ASSIGNMENT:
Your task is to retype, word for word, the lines from the start of the data through the line holding "為推廣普及國家通用語言文字,服務(wù)". Do not include the pictures.

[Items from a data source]
=== Section Start ===

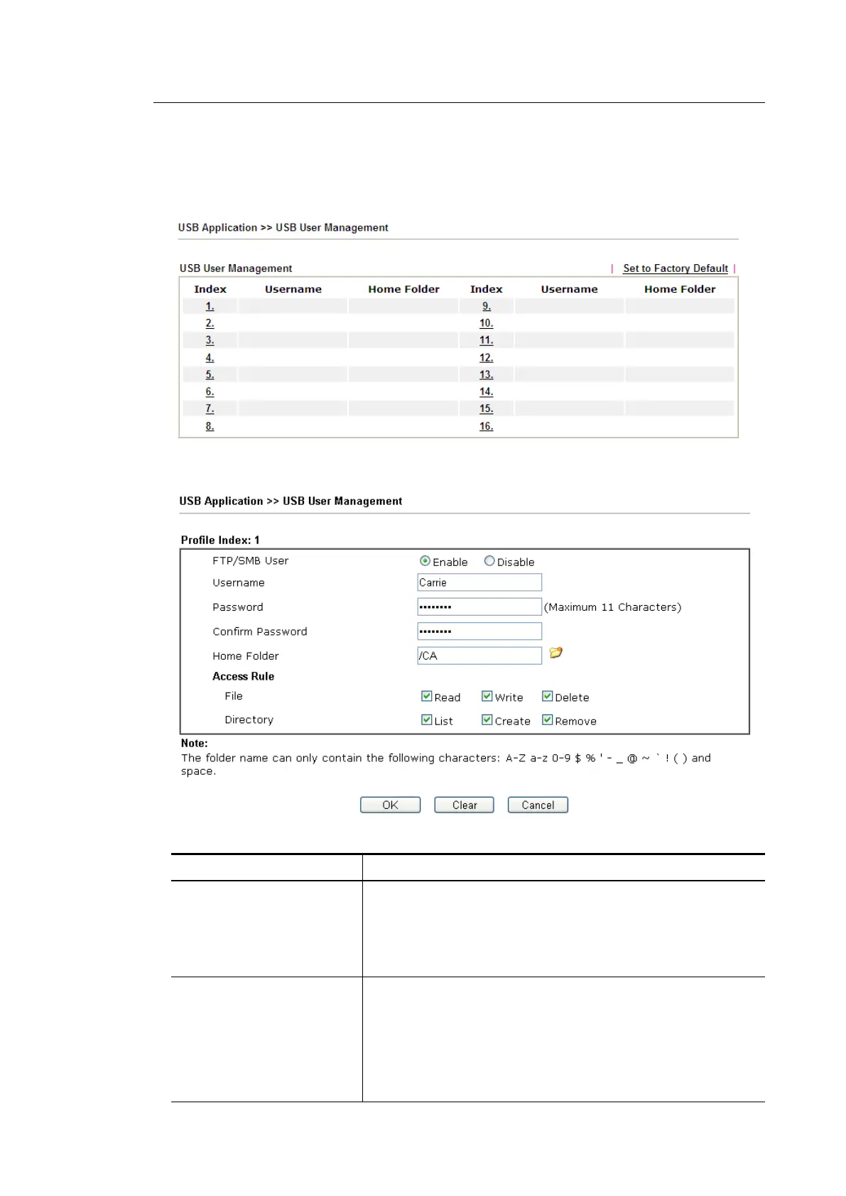 the USB storage disk must type the same username and password configured in this page.
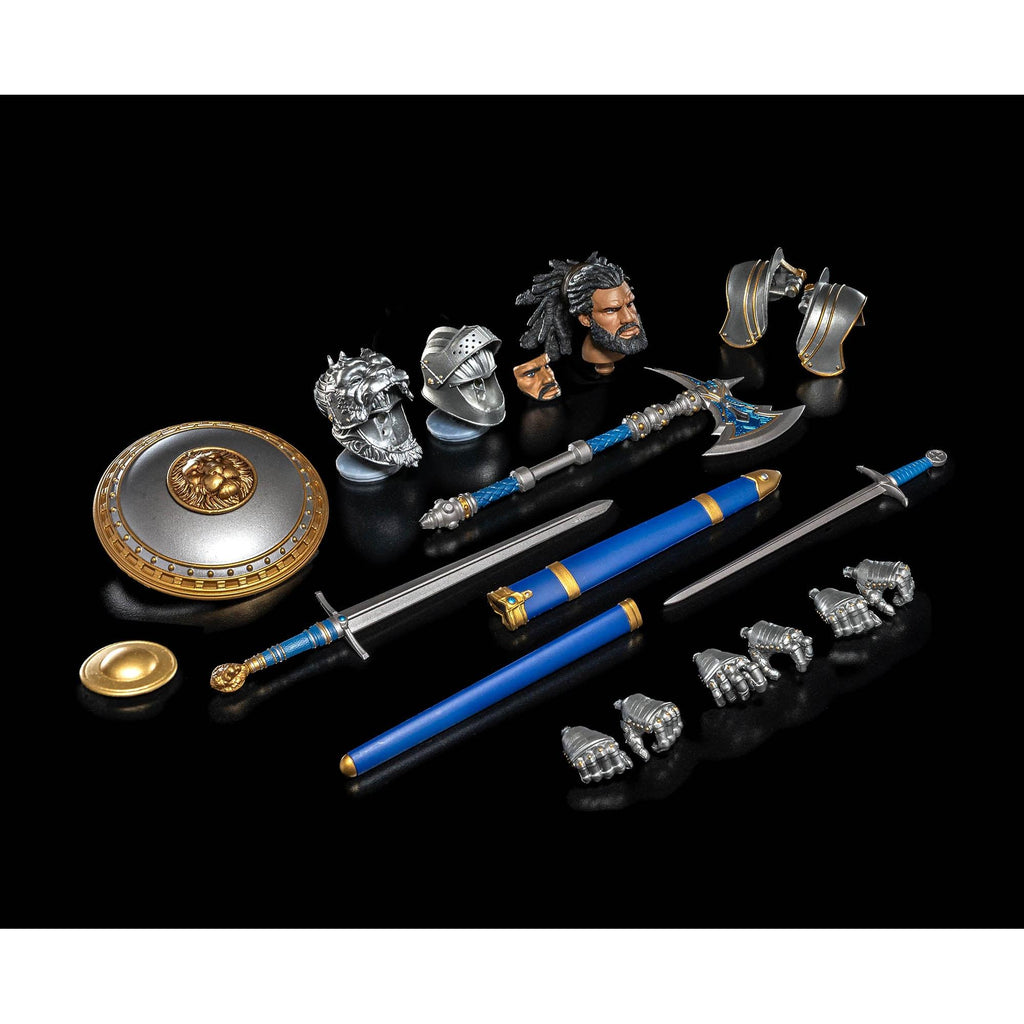 The Legacies of Mythoss: Otho figure comes with a newly sculpted head featuring this warrior’s distinctive look. The set also incudes 2 brand new helmets with flip-down visors, both of which can be used with the Otho “face plate” insert that is also included! As for weapons, Otho v2 comes with a broad sword and scabbard, standard sword and scabbard, a shield with 2 middle inserts (including a Leodysseus lion symbol), and a new battle axe. He also comes with extra hands and premium wired soft goods tunic and skirt.
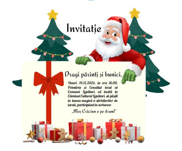 Vineri, 19 decembrie 2025, de la ora 16:00, la Căminul Cultural din Lopătari.
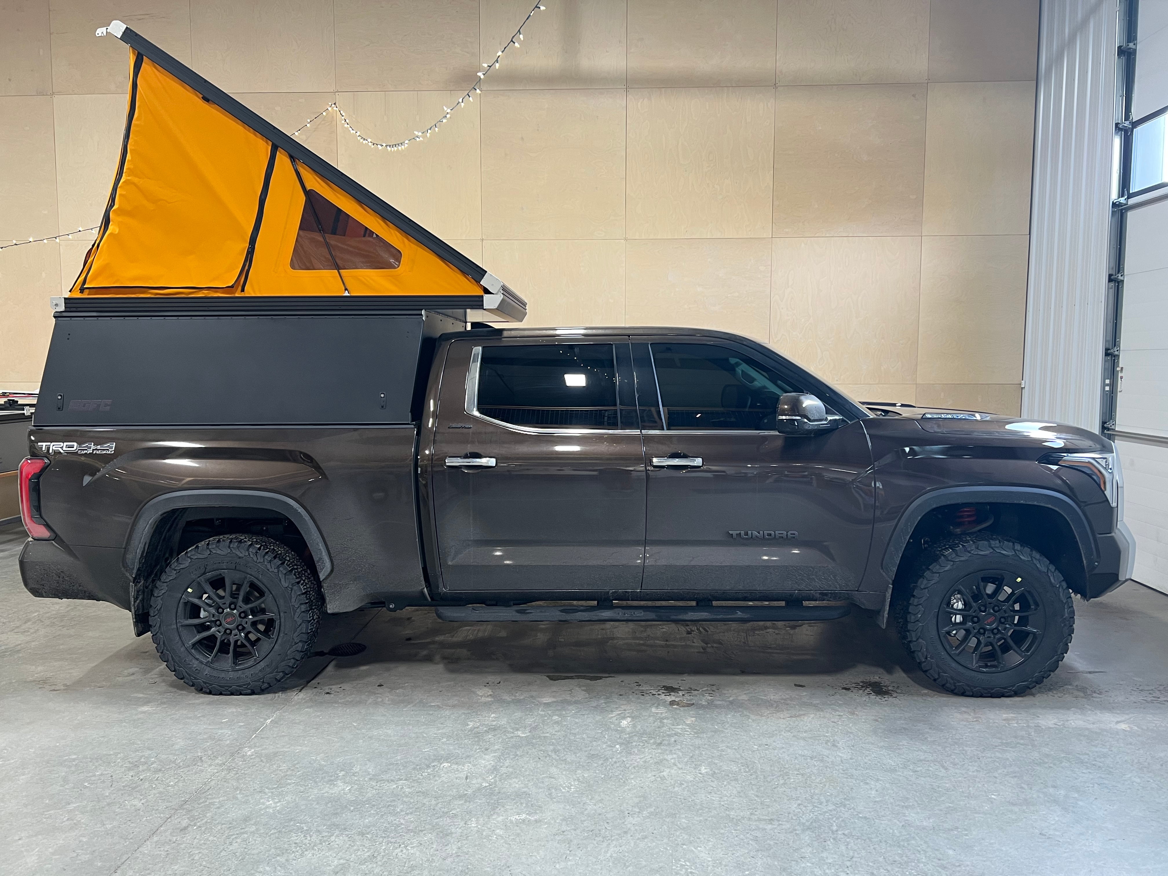 This 2023 Toyota Tundra is outfitted with a GFC Platform Camper with Black panels. Check out more build specs below.
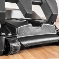 - Two-wheel base holds 19 gallons of water or four 50-lb bags of sand for stability
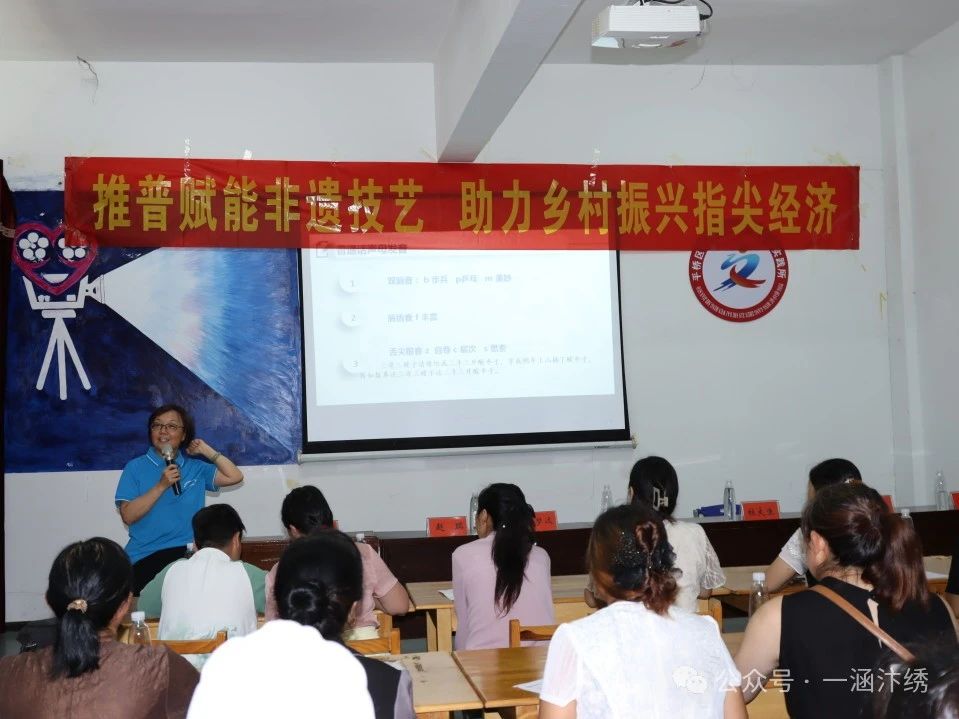 為推廣普及國家通用語言文字,服務(wù)鑄牢中華民族共同體意識,推進(jìn)鄉(xiāng)村振興事業(yè)發(fā)展。8月26日,省僑商會理事單位一涵汴繡攜手河南經(jīng)貿(mào)職業(yè)學(xué)院在信陽市明港鎮(zhèn)清淮村開展“推普賦能非遺技藝 助力鄉(xiāng)村指尖經(jīng)濟(jì)”為主題的社會實(shí)踐活動。
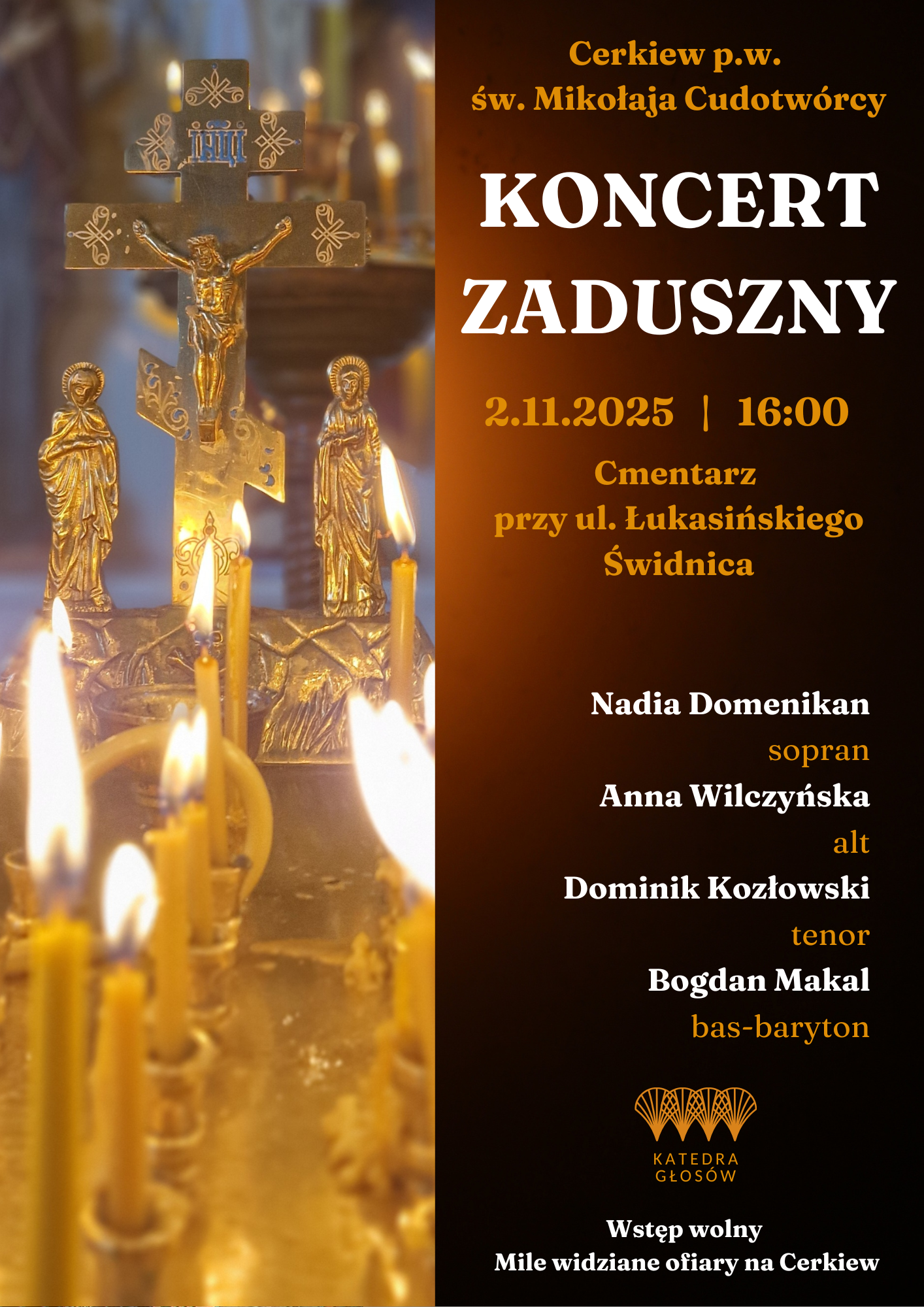 | wstęp wolnyŚwidnicki Ośrodek Kultury zaprasza na wyjątkowy Koncert Zaduszny, który odbędzie się 2 listopada 2025 r. o godz. 16:00 w cerkwi na cmentarzu przy ul. Łukasińskiego w Świdnicy.
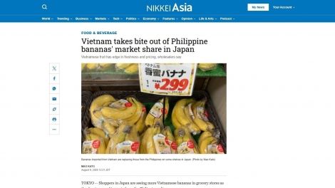 (VOV5) - Chuối Việt Nam bùng nổ tại Nhật, nhập khẩu 2024 đạt 33.000 tấn, gấp 14 lần 2019; thị phần tăng mạnh và hưởng lợi lớn khi thuế nhập khẩu về 0% vào năm 2028.
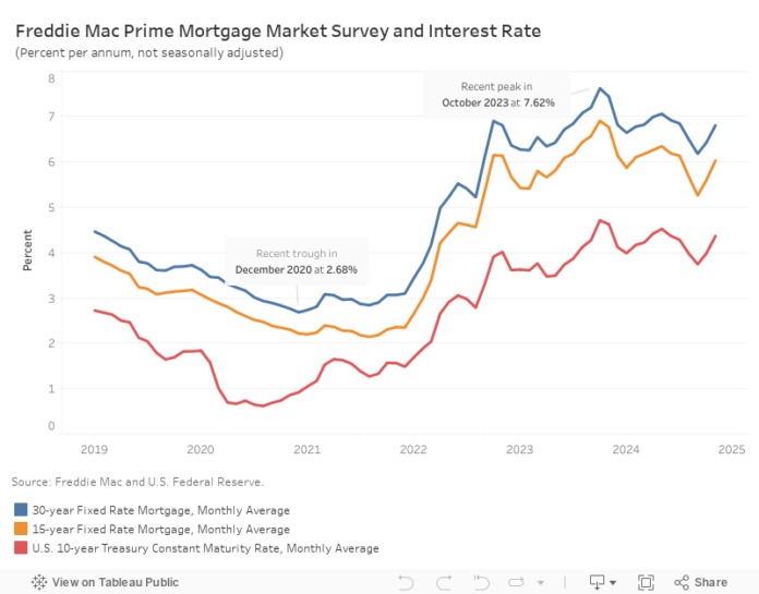 According to Freddie Mac, the average rate for a 30-year fixed-rate mortgage increased 38 basis points from October, reaching 6.81%. Meanwhile, the 15-year fixed-rate mortgage saw an even steeper increase of 43 bps to land at 6.03%.
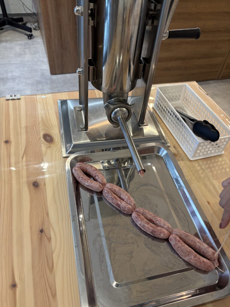 大まかな流れとしては、説明を聞いてソーセージ作りを実践。出来立てのソーセージを直ぐに焼いて食べるという感じです。
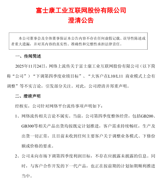 公告补充,公司未向市场下调第四季度利润目标,不存在应披露未披露的信息。同时,与客户合作开发 的下一代产品,也正在按前期的计划如期顺利推进当中。 11月24日,网络上流传关于工业富联(601138.SH)"下调第四季度业绩目标""大客户在L10/L11商业模 式上会有调整"等言论。相关传闻让工业富联盘中一度跌停,截至11月24日收盘,工业富联 (601138.SH)跌7.80%,报55.94元/股。 同日晚上,工业富联(601138.SH)发布公告称,网络流传相关言论不属实。当前,公司第四季度整体 经营,包括GB200、GB300等相关产品出货均按既定计划推进,客户需求持续畅旺,生产及出货一切正 常,且目前未收到任何主要客户关于调整业务模式、下修份额或价格的要求。 ...
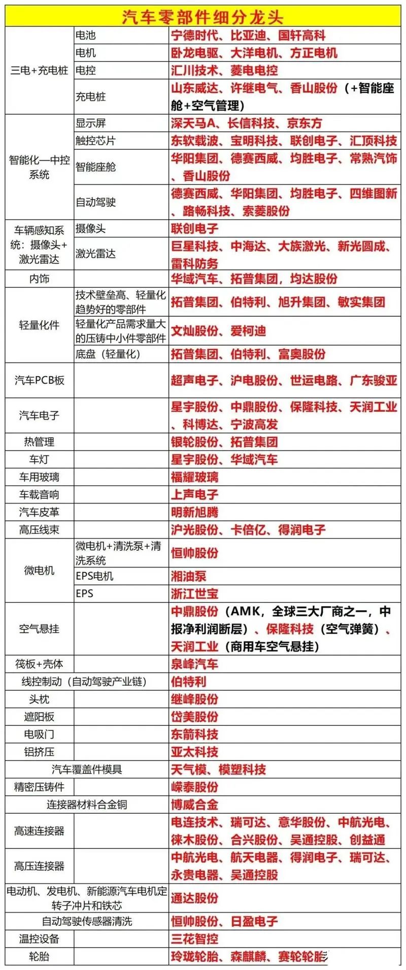 汽车零部件概念股名单:
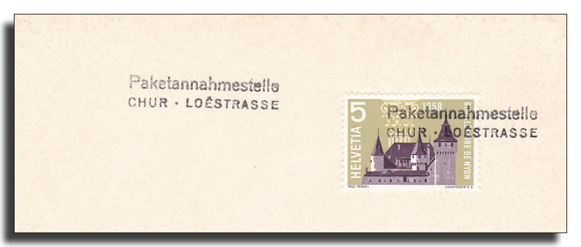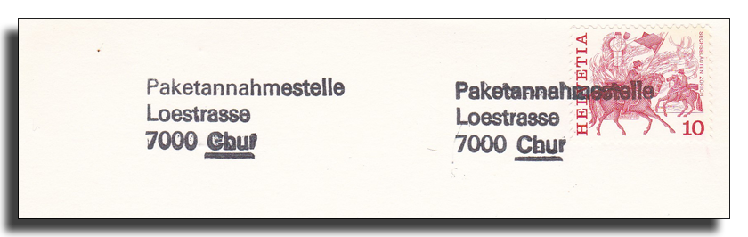 Chur Paketannahmestellen 16.01.1956 – 31.08.1961 01.03.1958 – 27.02.1965 Version 1 Version 2 12.04.1965 – 31.12.1997 01.10.1960 – 06.12.1964 01.12.1963 – 1965 1965 – 16.08.1985
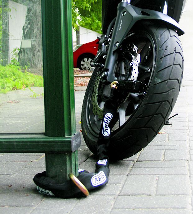 Blokada w momencie spięcia z łańcuchem działa jak bardzo solidna kłódka. Największym mankamentem zestawu jest masa sięgająca niemal 4 kg. W codziennym użytkowaniu komplet staje się niezbyt poręczny, ale za to gwarantuje najwyższy poziom skuteczności ochrony motocykla podczas postoju.

=== Section End ===

YOUR RESPONSE:
 the USB storage disk must type the same username and password configured in this page.
 The Legacies of Mythoss: Otho figure comes with a newly sculpted head featuring this warrior’s distinctive look. The set also incudes 2 brand new helmets with flip-down visors, both of which can be used with the Otho “face plate” insert that is also included! As for weapons, Otho v2 comes with a broad sword and scabbard, standard sword and scabbard, a shield with 2 middle inserts (including a Leodysseus lion symbol), and a new battle axe. He also comes with extra hands and premium wired soft goods tunic and skirt.
 Vineri, 19 decembrie 2025, de la ora 16:00, la Căminul Cultural din Lopătari.
 This 2023 Toyota Tundra is outfitted with a GFC Platform Camper with Black panels. Check out more build specs below.
 - Two-wheel base holds 19 gallons of water or four 50-lb bags of sand for stability
 為推廣普及國家通用語言文字,服務(wù)鑄牢中華民族共同體意識,推進(jìn)鄉(xiāng)村振興事業(yè)發(fā)展。8月26日,省僑商會理事單位一涵汴繡攜手河南經(jīng)貿(mào)職業(yè)學(xué)院在信陽市明港鎮(zhèn)清淮村開展“推普賦能非遺技藝 助力鄉(xiāng)村指尖經(jīng)濟(jì)”為主題的社會實(shí)踐活動。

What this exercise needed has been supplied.